(Source records)

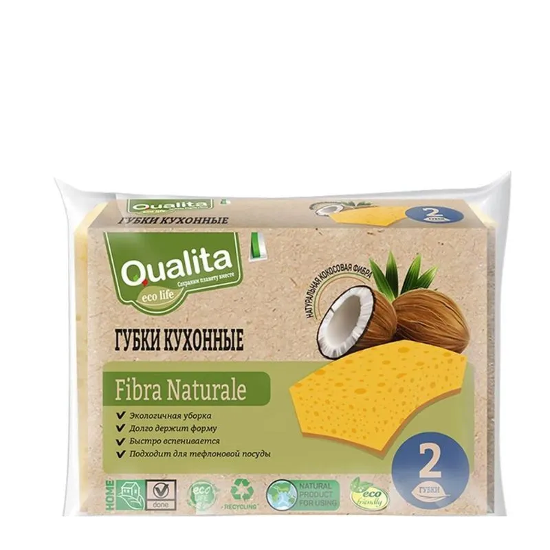 Губка из крупнопористого поролона повышенной плотности надолго сохраняет форму. Фибра с добавлением натуральных компонентов кокосового ореха подходит для деликатной поверхности.
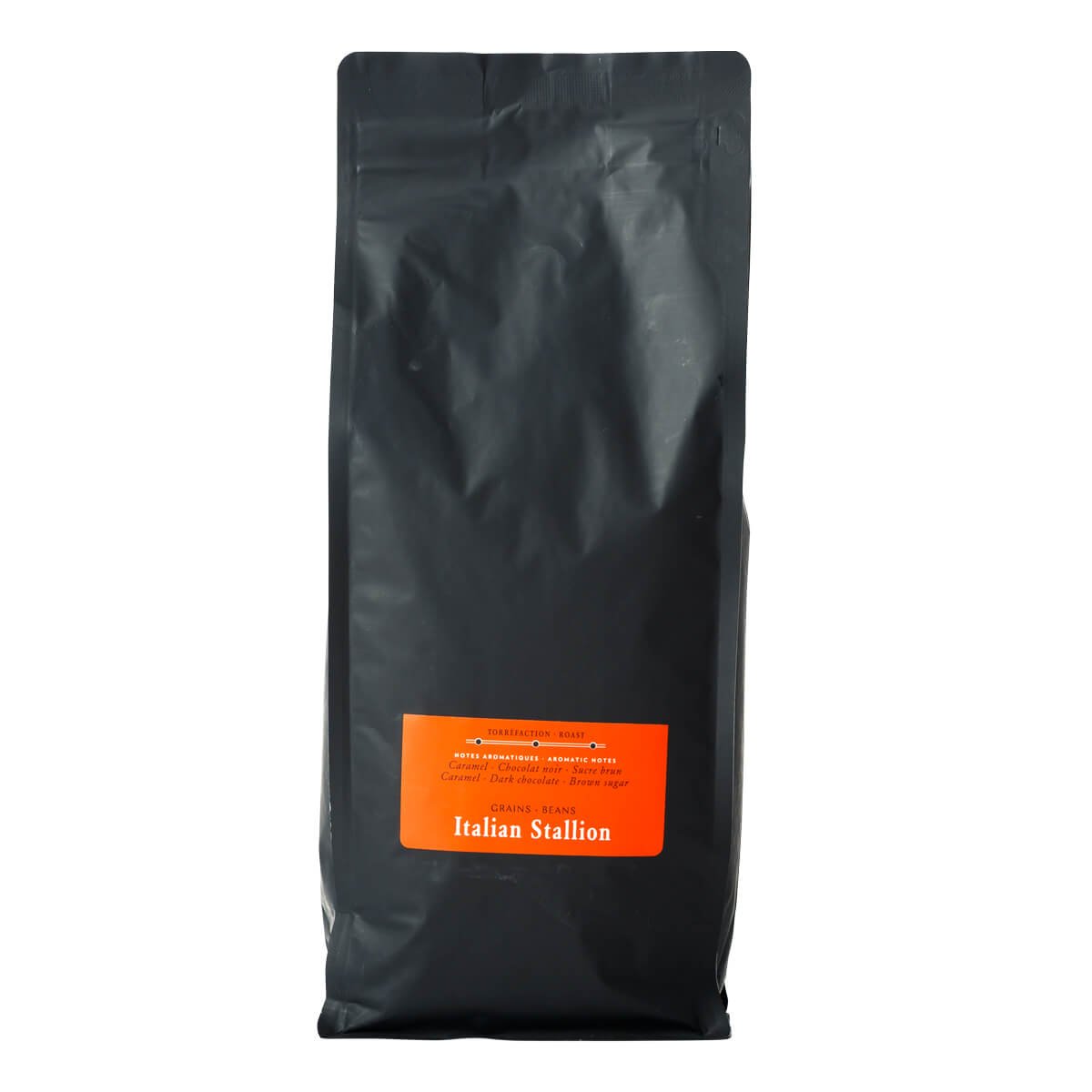 Favuzzi Italian Stallion coffee is a full-bodied coffee with aromatic notes of caramel, dark chocolate and brown sugar.
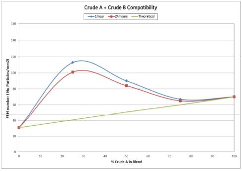 The FFM allows for on-site crude analysis and compatibility studies to predict the relative fouling potentials of the different crudes and crude blends being processed. By blending the crudes in different ratios and measuring the FFM values, incompatibility and instability of the blend due to asphaltene precipitation is easily identified. When no increase in solids is observed, the blend is considered compatible and stable (see Figures 2 and 3).
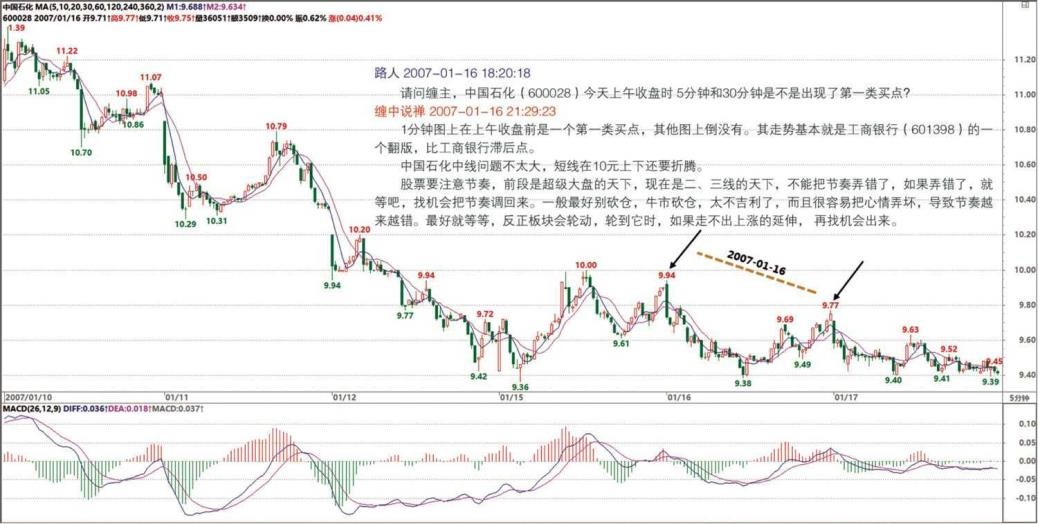 问题 3:今天的股票不少已经收复周五的失地,但从 30 分钟图上看,很多是空头排列后第一次缠绕,那么接下来要做短差的卖点是否就要盯紧 5 分钟图是否出现背驰?还是要结合什么图的均线去看?
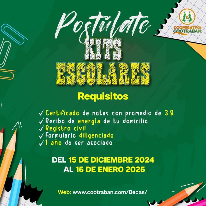 En nuestra Cooperativa podrás disfrutar de la temporada escolar donde estaremos obsequiando KITS ESCOLARES para nuestros asociados y becados en la Cooperativa Cootraban
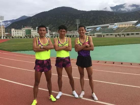 出征全运会之前,西藏中长跑队三名主力在林芝高原训练基地合影留念,从左至右依次为:米觉尼玛,多布杰,旦木真次旺
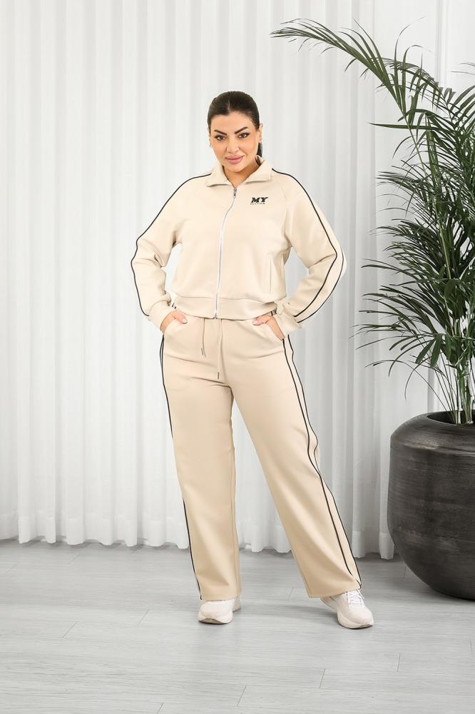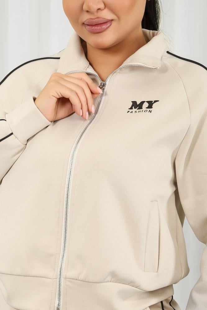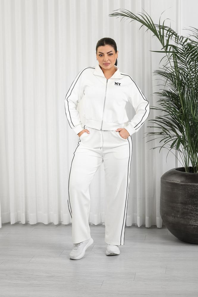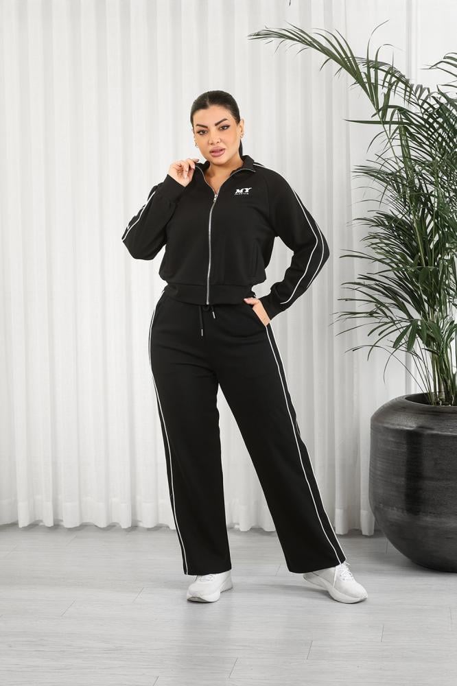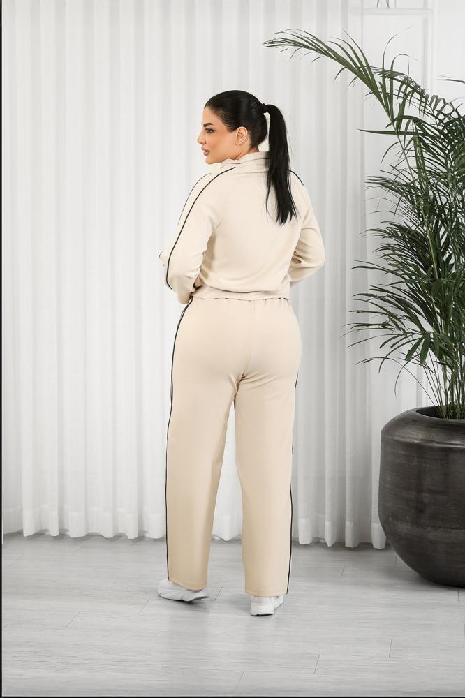 طقم رياضي مكوَّن من جاكيت بسحّاب كامل وبنطلون ضيّق عند الكاحل (Tapered Fit).
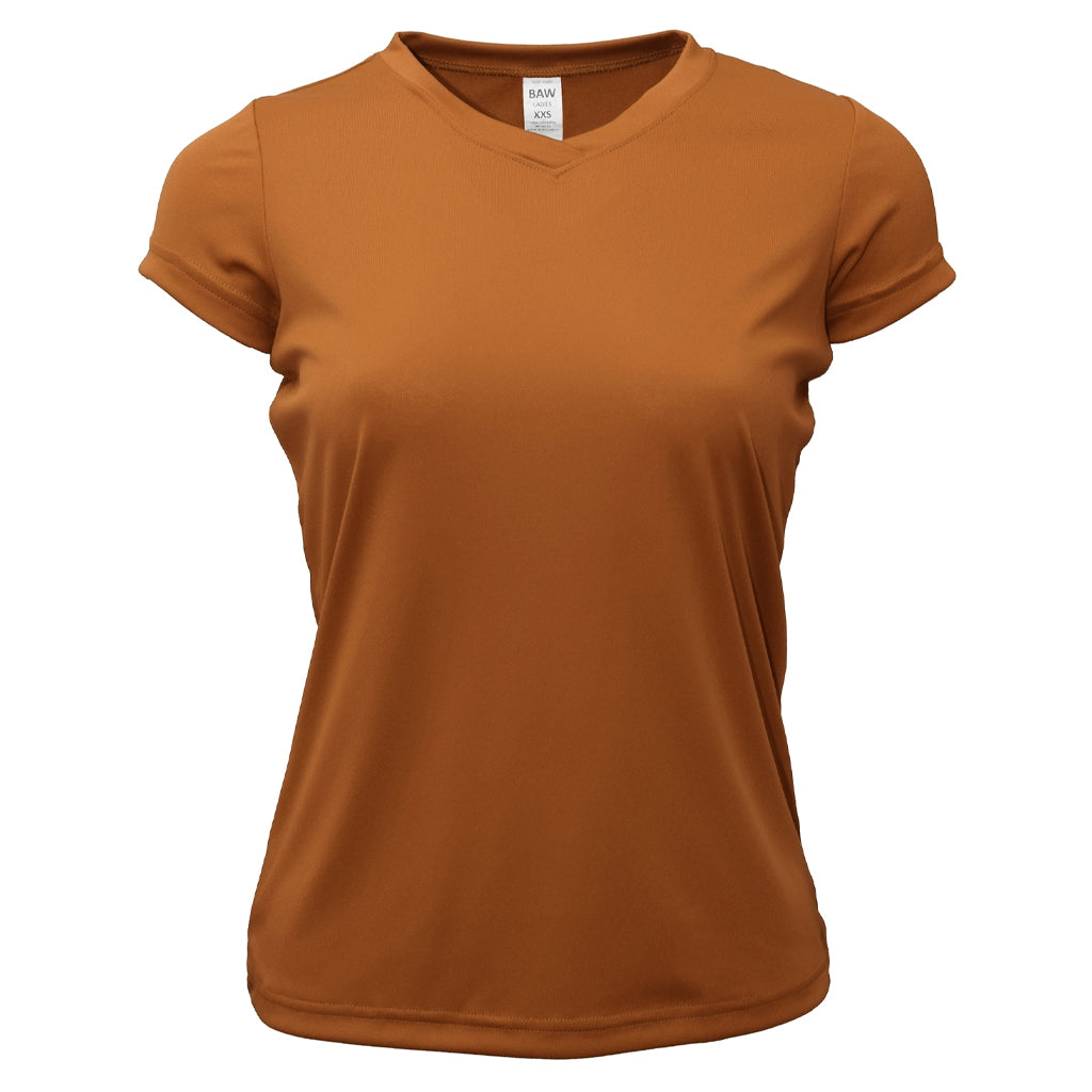 No one could accuse you of not selecting the right color of women's T-shirt for your company sponsored promotion! The BAW Women's Texas Orange Xtreme Tek T-Shirt comes in a variety different shades. Just imagine your custom logo on the front of each one. Your promotion could be the gold at the end of the proverbial rainbow. This ladies' tee is available in sizes 2XS to 3X, and the material is so comfortable and breathable that recipients will wear it every chance they get. This is a tee that will not shrink and also offers UV protection. Whether you're having an anniversary celebration or gift with purchase, you just can't go wrong!Corresponding Men's Style: BAW Men's Texas Orange Xtreme Tek T-Shirt
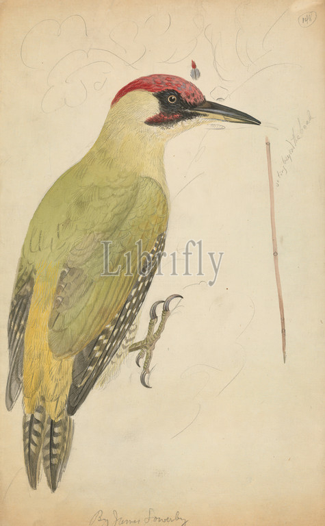 Woodpecker, James Sowerby, 1756–1822, British, Watercolor, graphite, moderately thick, slightly textured, cream wove paper, Sheet, animal art, birds, European Green Woodpecker, woodpecker
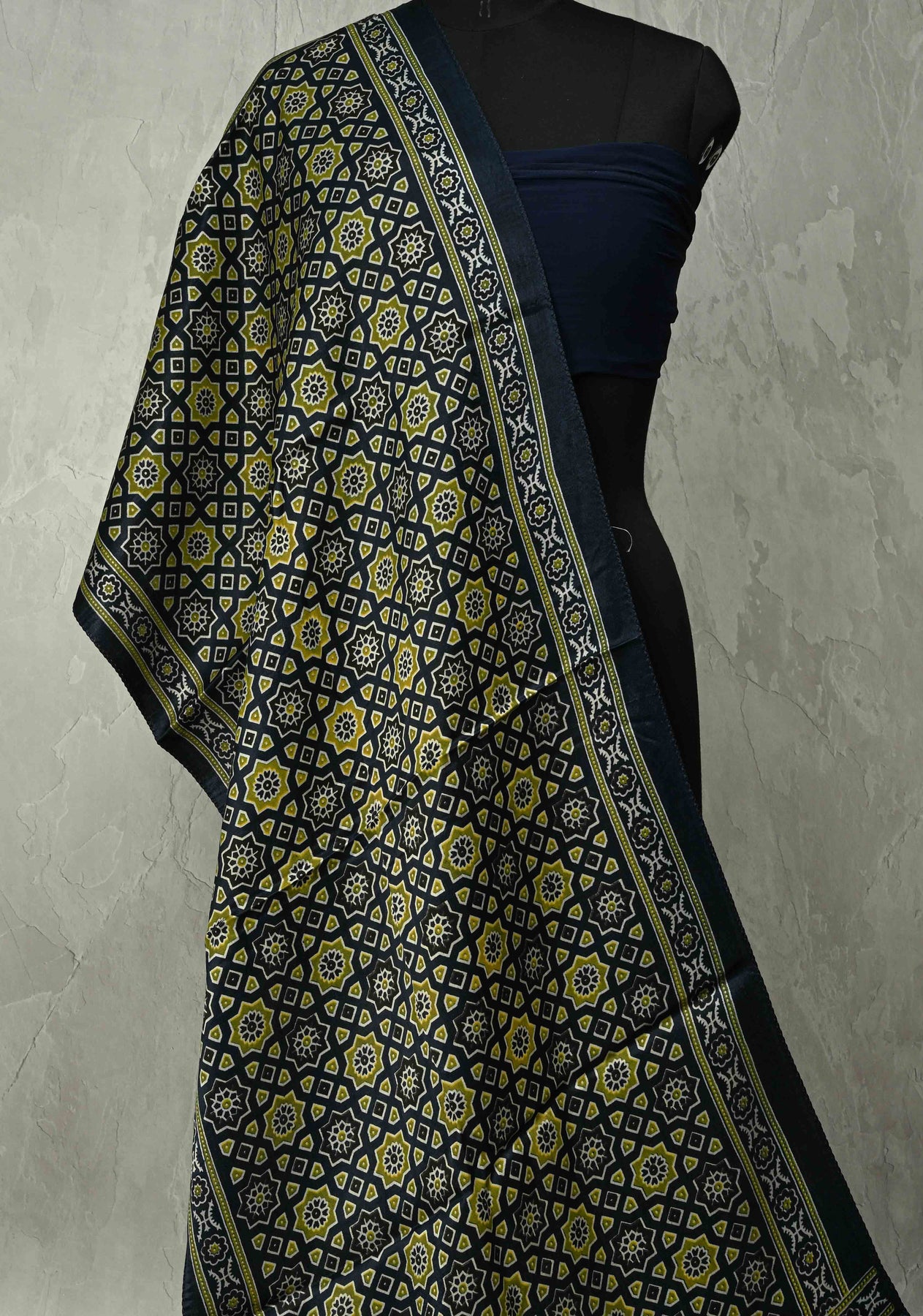 This Authentic Prussian Blue Modal Silk Dupatta is a stunning accessory that beautifully blends traditional craftsmanship with contemporary elegance. Made from soft, flowing modal silk, it offers a lightweight feel and a graceful drape. The dupatta is adorned with intricate Ajrakh hand block prints, showcasing timeless geometric and floral patterns that reflect the rich heritage of Indian block printing. Perfect to pair with ethnic outfits or fusion wear, this dupatta adds a touch of artisanal charm and sophistication to any ensemble.

TASK ITEM: Your output is the lines from the top of the entries through the line containing "Favuzzi Italian Stallion", exactly as they stand. No pictures belong in it.

ANSWER AREA:
 Губка из крупнопористого поролона повышенной плотности надолго сохраняет форму. Фибра с добавлением натуральных компонентов кокосового ореха подходит для деликатной поверхности.
 Favuzzi Italian Stallion coffee is a full-bodied coffee with aromatic notes of caramel, dark chocolate and brown sugar.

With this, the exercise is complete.